During the Second World War experiments were made with introducing hydrogen into the tar to produce something akin to fuel oil (the process was called 'gasification') but this was expensive and was not followed up at the time. More recently there has been a resurgence of interest in this process, but this is mainly based in the USA.

The residual coke from the gas works was rather soft and could only be used as fuel, although it has the benefit of being smokeless.
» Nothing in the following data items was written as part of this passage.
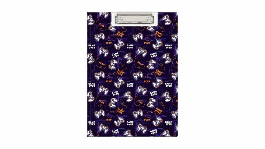 Wykonana z folii PVC z pełnym, ozdobnym nadrukiem, wewnątrz usztywniona tekturą. Wyposażona w sprężysty mechanizm zaciskowy służący do przytrzymywania kartek papieru. Wewnątrz, na całej szerokości, podłużna kieszeń z miejscem na długopis na zgięciu okładek. Wersja zamykana, z okładką. Służy jako sztywna podkładka do pisania, z funkcją teczki, podczas konferencji, spotkań, jak i codziennej pracy. Format A4.
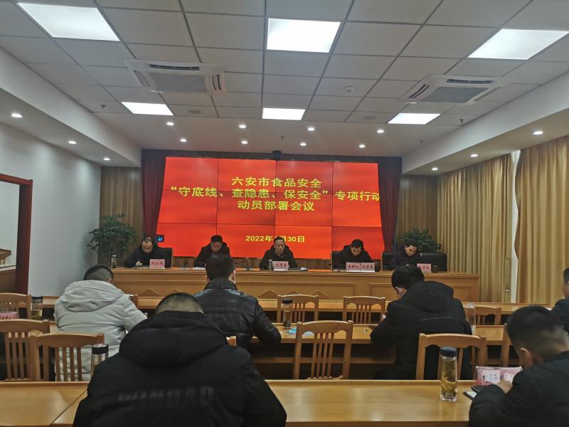 1月30日下午,全省食品安全“守底线、查隐患、保安全”专项行动动员部署电视电话会议结束后,六安市市场监管局立即召开电视电话会议,迅速传达贯彻落实省专项行动会议精神,动员部署全市食品安全“守底线、查隐患、保安全”专项行动。市局党组书记、局长、二级巡视员方厚奇出席会议并讲话。市局党组成员、市食安办专职副主任汪宏春主持会议。市局二级调研员徐辉、四级调研员张道圣,市综合行政执法支队支队长刘永伟参加会议。
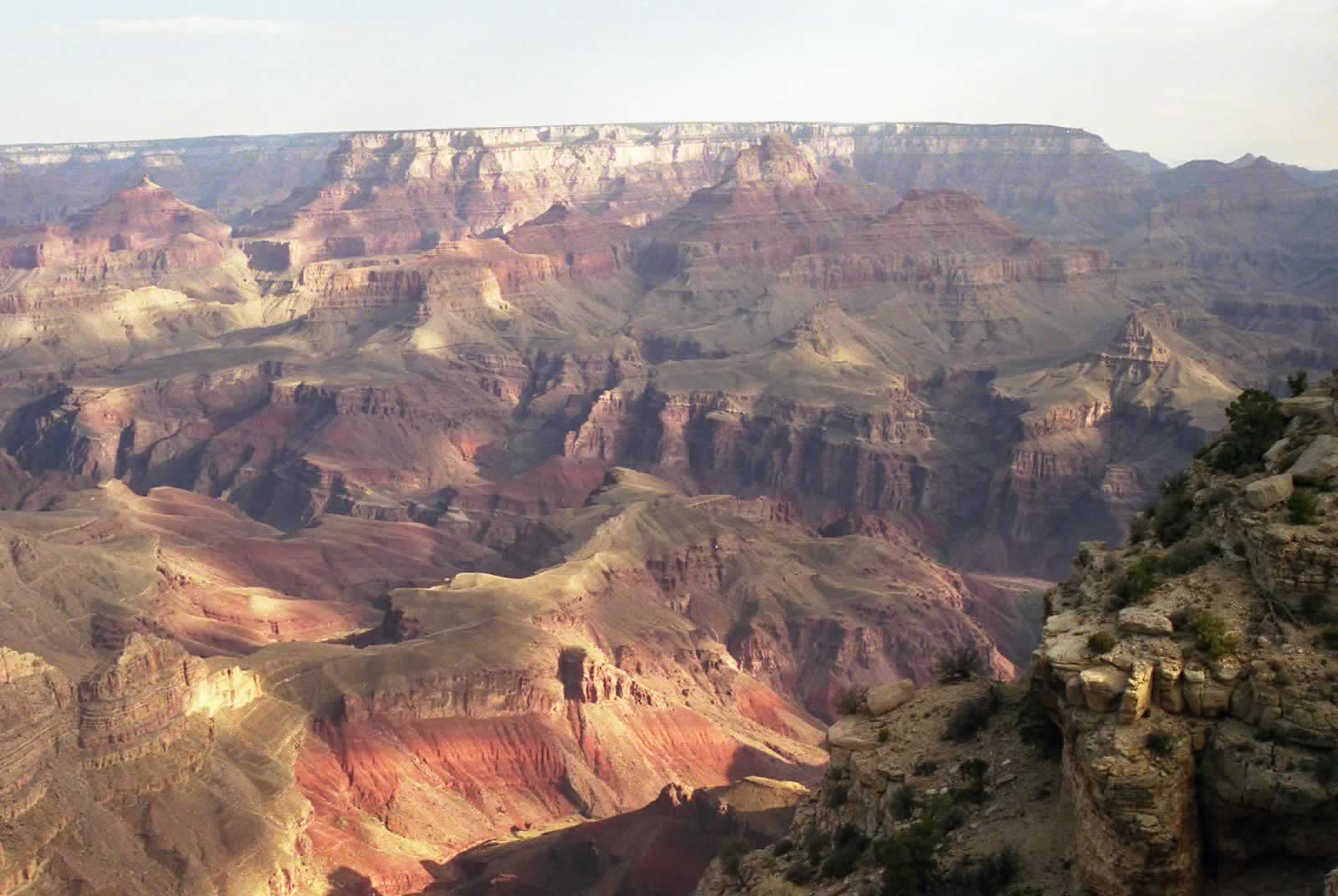 次は「モーラン・ポイント」からのグランドキャニオンです。朝日が大渓谷の全体を照らしていて、その凸凹している様子がよく分かります。

Most would be sold locally and hauled away by road in sacks or two wheeled carts, although some might be shipped out by rail for delivery to a coal merchant (the coke from the gas works was sold as Firemax after Nationalisation of the gas industry).




Gas Works

Prior to the development of natural gas supplies in the late 1960's and early 1970's gas was made from coal in a local gas works. The town gas works is a popular adjunct to model railways set in any period up to the 1970's, they were built in sizes to suit almost any size of layout and generated an interesting and regular traffic for the line. At the gas works the sealed containers used to cook the coal are called retorts, originally made of metal they changed to moulded fire clay in the 1830's. The evolution of coal gas retorts is illustrated in Fig ___, note that the cross sections shown are generalised to show the basic changes, they are not accurately based on specific prototypes.

Fig ___ Gas retort buildings
Sketch showing typical gas works retort buildings

Fig ___ (1) shows the early form of retort house, there were between five and seven retorts (A) arranged rather like a bank of torpedo tubes in a submarine. The coke used to heat the retorts was shovelled into the furnace (B), which gas works people called the 'producer'. Ash from the producer fell through the fire bars and collected underneath (C), the floor of the retort house was made up of removable plates (D) to allow the ash to be periodically shovelled out. The gas was drawn off from the retorts through pipes (E) which fed a single main pipe called the 'foul main' which lead out to the purification plant.

Once all the gas had been removed the hot coke from the retorts was dug out using long handled rakes and tipped into metal wheel barrows (called coke barrows). These were then quickly wheeled to a small brick or stone shed where they were sprayed with water to cool the coke down. An example is shown in Fig ___ (2), in this case there is a small water tank on top of the structure, fed through a small pipe to the right. The coke would then be graded, probably using angled bars, stockpiled and sold.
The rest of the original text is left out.